NLRP3-associated autoinflammatory diseases (NLRP3-AID) are rare genetic autoinflammatory diseases characterized by chronic inflammation and an urticaria-like rash. We report an unusual presentation of severe NLRP3-AID resulting in a significant diagnostic delay of more than three decades.
The patient presented with early-onset serositis as well as prominent peripheral eosinophilia with organ infiltration, in the absence of the classic urticaria-like rash. DNA analysis by next generation sequencing revealed a sporadic class 4 mutation c.1991T > C (p.Met662Thr) in the NLRP3 gene, confirming a diagnosis of NLRP3-AID at 36 years old. Although treatment with anti-interleukin 1 agent led to clinical remission, irreversible sequelae, namely intellectual disability and deafness, remained.
This case highlights unique manifestations of NLRP3-AID, namely the absence of urticaria-like rash, eosinophilic organ infiltration, and pseudoseptic serositis. In order to avoid diagnostic delay and its dire consequences, NLRP3-AID should be suspected in patients displaying autoinflammatory features combined with serum and tissue eosinophilia and/or marked serositis, regardless of skin involvement.
NLRP3-associated autoinflammatory diseases (NLRP3-AID), formerly named Cryopyrin-associated autoinflammatory syndrome (CAPS), are rare genetic autoinflammatory diseases associated with gain-of-function mutations in NLRP3 coding for cryopyrin . They can present with a mild, intermediate, or severe phenotype. As embodied by recently published classification criteria, cardinal manifestations involve chronic inflammation associated with cold-induced symptoms, an urticaria-like rash, arthralgia and/or arthritis, sensorineural hearing loss, chronic aseptic meningitis, and skeletal deformities . We hereby report a severe case of NLRP3-AID presenting with unusual manifestations, namely eosinophilic organ infiltration and pseudoseptic serositis in the absence of skin involvement.

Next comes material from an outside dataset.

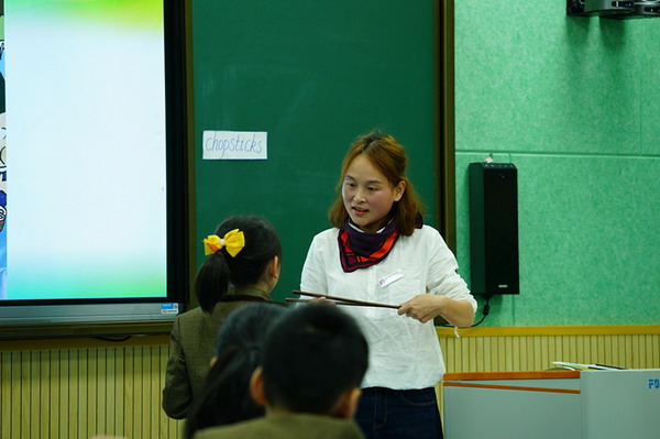 Ms Chen Ping presented an excellent course Do You Use Chopsticks In The UK? Period one: Ms Chen Ping's class is lively and lively, the image is interesting, add her own humorous and humorous class style, the students and the teachers who attend the lecture are happy in it.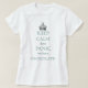 Ein spielerischer Spin auf den Satz Behielt Ruhe .. gepaart mit einem Vintage-Bild einer königlichen Krone. Der Ausdruck Keep Calm und Carry On stammt aus einem Propagandaposter, das 1939 von der britischen Regierung zu Beginn des Zweiten Weltkriegs produziert wurde und die Moral der britischen Öffentlichkeit im Falle einer Invasion erhöhen sollte. Da nur eine begrenzte Anzahl dieser Plakate verteilt wurde, war die Phrase wenig bekannt. All dies änderte sich jedoch, als das Plakat im Jahr 2000 wiederentdeckt und von einer Reihe privater Unternehmen neu herausgegeben wurde und als Dekorationsthema für eine Reihe anderer Produkte verwendet wurde. Es gab nur zwei bekannte Beispiele für das Plakat außerhalb staatlicher Archive[1], bis 2012 eine Sammlung von etwa 20 Originalen von der Tochter eines ehemaligen Mitglieds des Royal Observer Corps in die Antiquitätenmesse eingebracht wurde

A 36-year-old French Canadian male presented with a 3-week history of left knee arthritis. Blood work revealed leukocytosis with predominance of neutrophils at 23 × 109/L, microcytic anemia with hemoglobin at 95 g/L, and markedly elevated C-reactive protein (CRP) at 321 mg/L. Left knee radiograph revealed significant joint effusion. Synovial fluid analysis was abnormal with 161 500 white blood cells/ml (91% neutrophils) and low glucose level at 0.8 mmol/L, consistent with septic arthritis. The patient was treated accordingly, with no clinical or biochemical improvement. Extensive microbiological investigations were negative. An underlying inflammatory disorder was therefore suspected. High dose oral prednisone was started, leading to marked clinical improvement and decrease in CRP from 271 to 106 mg/L within forty-eight hours. Work-up for autoimmune diseases revealed positive HLA-B27 antigen and rheumatoid factor at 160 IU/mL; antinuclear antibodies, extractable nuclear antibodies, anti-double stranded DNA, antineutrophil cytoplasmic antibodies and anti-cyclic citrullinated peptides were negative, while complement levels were normal.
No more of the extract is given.